ASSIGNMENT:
Output all of the lines below exactly, and leave out each image.

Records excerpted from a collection
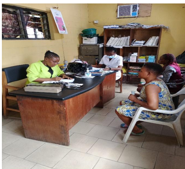
Figure 10: Family planning counselling ongoing
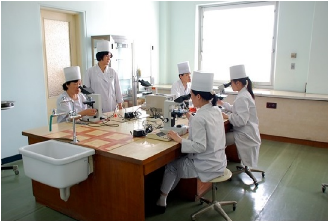
Photo 1: Pyongyang, North Korea – Lab at Maternity Hospital

for communicable disease relatively well, but quality care of non-communicable diseases cannot be optimized under the growing unofficial health market and increased disparity in healthcare access in the DPRK.
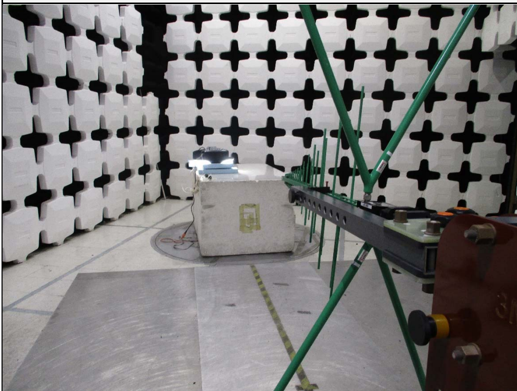
Test Setup for Spurious Radiated Emissions, 30MHz to 1GHz – Antenna Polarization Vertical
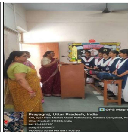
Hindi Diwas celebration was organised in B.Ed. Faculty on 14.09.2023
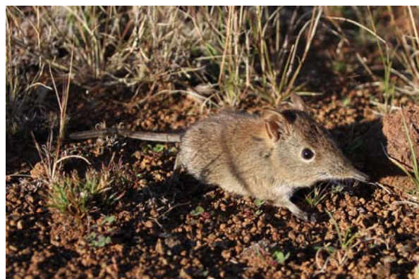
Figure 1. Eastern rock sengi ( Elephantulus myurus ) in its natural habitat at Bethulie, Free State, South Africa.

In April 2012 we started a telemetry study on the eastern rock sengi ( Elephantulus myurus ) in the Free State, South Africa, to gather more information primarily on home range size and use, as well as on longevity.

RESULT FOR THIS TASK:
Figure 10: Family planning counselling ongoing
Photo 1: Pyongyang, North Korea – Lab at Maternity Hospital

for communicable disease relatively well, but quality care of non-communicable diseases cannot be optimized under the growing unofficial health market and increased disparity in healthcare access in the DPRK.
Test Setup for Spurious Radiated Emissions, 30MHz to 1GHz – Antenna Polarization Vertical
Hindi Diwas celebration was organised in B.Ed. Faculty on 14.09.2023
Figure 1. Eastern rock sengi ( Elephantulus myurus ) in its natural habitat at Bethulie, Free State, South Africa.

In April 2012 we started a telemetry study on the eastern rock sengi ( Elephantulus myurus ) in the Free State, South Africa, to gather more information primarily on home range size and use, as well as on longevity.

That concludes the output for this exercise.